This is a reproduction of a drawing by Seurat of folds in a dress. As I was looking at it, it struck me that you could see the same folds in the paper if he hadn’t drawn all over it. Don’t get me wrong: I’ve admired Seurat my whole life. Though I’ve mostly studied his paintings, his conte crayon drawings have such a spooky photosensitivity, so camera-like, to me they convey a kind of spiritual detachment. This detachment a viewer can participate in simply by viewing these drawings.
But the close up study above pointed out a difference of art between his paintings and drawings. I think the study made me aware of the paper because he’s using the paper’s grain as a means to make his marks effective. Using a lighter touch he creates a half-tone as his crayon blackens the highest points of the surface and leaves the lowest points unmarked. He creates an illusion of the quality of light on a surface (a dress) employing the quality of another surface (the paper). This use of the paper, I’ve done it a thousand times myself, strikes me as somehow incomplete as artwork. This incompleteness, as I said, makes me think of the actuality of the paper. I feel drawn to remember it and the selfless erasure it endured in aiding the artist.
In contrast, the pointilist marks of Seurat’s paintings polarize the artist’s work from the rest of nature. Here he accepts no help from his materials. He commands his materials and makes them do what he wishes. He will not even allow his colors to mix. That was his choice, that was his interest, his chosen means.
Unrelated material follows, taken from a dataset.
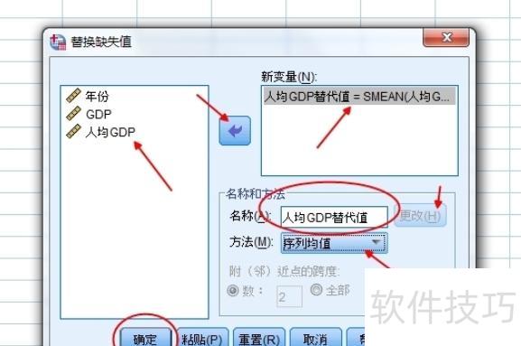打开后会弹出替换缺失值窗口,先选择需处理的变量并移至右侧空白框,设置变量名称,点击更改,然后选取序列均值作为替换方法,最后确认即可完成操作。

Human creators do not have access to the atomic level (artists anyway) and must discover their own smallest building block. Each must innovate an idiosyncratic truth to which a life’s work can be devoted. Rilke speaks of it in terms of Cezanne, Rodin, and his own poetry: “Somehow I too must discover the smallest constituent element, the cell of my art, the tangible immaterial means of expressing everything…” After this discovery the artist is free to become a laborer and to spend every minute of life working at “expressing everything.”
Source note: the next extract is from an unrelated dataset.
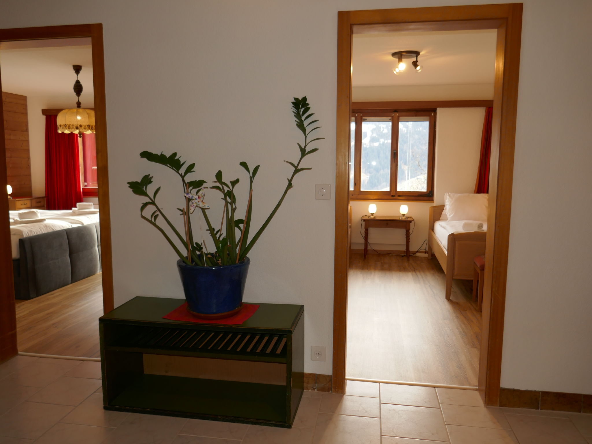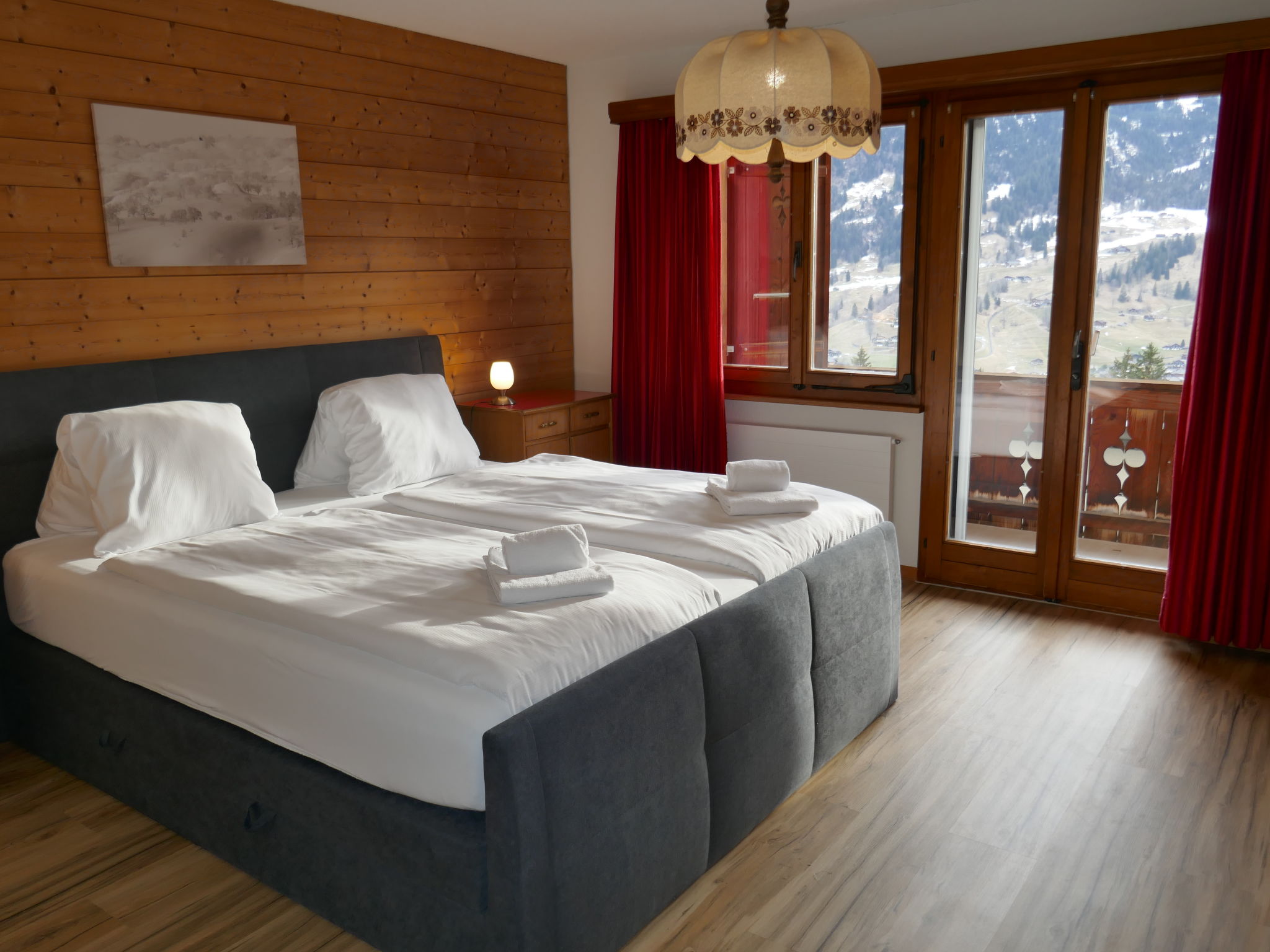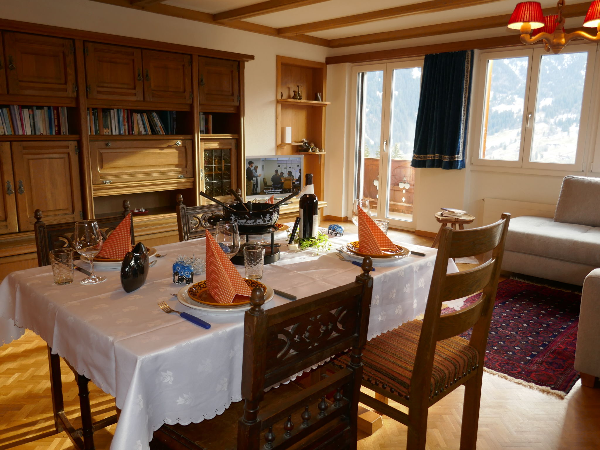 4-Zimmer-Wohnung 110 m2, im erhöhten Erdgeschoss, Südlage. Geräumig, zweckmässig und gemütlich eingerichtet: Wohnzimmer mit Sat-TV. Ausgang zum Balkon, Richtung Süden. 1 Zimmer mit 2 Betten (90 cm, Länge 200 cm). 1 Zimmer mit 1 franz. Bett (160 cm, Länge 200 cm). 1 Zimmer mit 1 Bett (180 cm, Länge 200 cm), Bad/WC. Ausgang zum Balkon, Richtung Süden. Grosse Wohnküche (Backofen, Geschirrspüler, 4 Glaskeramikplatten, Toaster, Wasserkocher, elektrische Kaffeemaschine, Racletteofen, Fondue Set (Käse)). Dusche/WC. Parkettboden, Natursteinboden. Balkon, Südlage und Westlage. Balkonmöbel. Herrliche Sicht auf die Berge und die Landschaft. Zur Verfügung: Internet (Wireless LAN, gratis). Parkplatz beim Haus. Bitte beachten: geeignet für Familien. Nichtraucher-Unterkunft. Eigener Eingang, Feuerlöscher.

I don’t know if I agree with this sentiment. I acknowledge it as some kind of commandment in a history of evolving commandments. The opposite of this commandment has also proved its virtue. There is something to allowing the materials themselves to show off their textures, allowing a single color, perhaps found among debris in the street, to be the “smallest constituent element.” The artist offers the struggle to the viewer, to see a thing-in-itself aesthetically. That also has its spiritual identity. But that innovation too is something discovered long ago.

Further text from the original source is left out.